Handling trillions of supercomputer files just got simpler

Exascale file system Delta FS breaks the “metadata bottleneck” by handling extreme numbers of files and amounts of data with unprecedented performance

March 14, 2019

2019-03-14
Gary Grider, left, and Brad Settlemyer discuss the new Los Alamos and Carnegie Mellon software product, DeltaFS, released to the software distribution site GitHub this week.

LOS ALAMOS, N.M., March 14, 2019—A new distributed file system for high-performance computing being distributed today via the software collaboration site GitHub provides unprecedented performance for creating, updating and managing extreme numbers of files.

“We designed DeltaFS to enable the creation of trillions of files,” said Brad Settlemyer, a Los Alamos computer scientist and project leader. Los Alamos National Laboratory and Carnegie Mellon University jointly developed Delta FS. “Such a tool aids researchers in solving classical problems in high-performance computing, such as particle trajectory tracking or vortex detection.”

DeltaFS builds a file system that appears to the user just like any other file system, doesn’t require specialized hardware, and is exactly tailored to assisting the scientist in new discoveries when using a high-performance computing platform.

“One of the foremost challenges, and primary goals of DeltaFS, was scaling across thousands of servers without requiring a portion of them be dedicated to the file system,” said George Amvrosiadis, assistant research professor at Carnegie Mellon University and a coauthor on the project. “This frees administrators from having to decide how to allocate resources for the file system, which will become a necessity when exascale machines become a reality.”

The file system brings about two important changes in high-performance computing. First, DeltaFS enables new strategies for designing the supercomputers themselves, dramatically changing the cost of creating and managing files. In addition, DeltaFS radically improves the performance of highly selective queries, dramatically reducing time to scientific discovery.

DeltaFS is a transient, software-defined service that allows data to be accessed from a handful up to hundreds of thousands of computers based on the user’s performance requirements.

“The storage techniques used in DeltaFS are applicable in many scientific domains, but we believe that by alleviating the metadata bottleneck we have really shown a way for designing and procuring much more efficient HPC storage systems,” Settlemyer said.
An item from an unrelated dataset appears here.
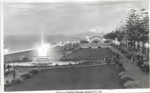
Evening Marine Parade, Napier, N.Z. 275

GitHub link: https://github.com/pdlfs/deltafs/
Video link
https://youtu.be/GIIyzcZusUw

About Los Alamos National Laboratory

Los Alamos National Laboratory, a multidisciplinary research institution engaged in strategic science on behalf of national security, is managed by Triad, a public service oriented, national security science organization equally owned by its three founding members: Battelle Memorial Institute (Battelle), the Texas A&M University System (TAMUS), and the Regents of the University of California (UC) for the Department of Energy’s National Nuclear Security Administration.

Los Alamos enhances national security by ensuring the safety and reliability of the U.S. nuclear stockpile, developing technologies to reduce threats from weapons of mass destruction, and solving problems related to energy, environment, infrastructure, health, and global security concerns.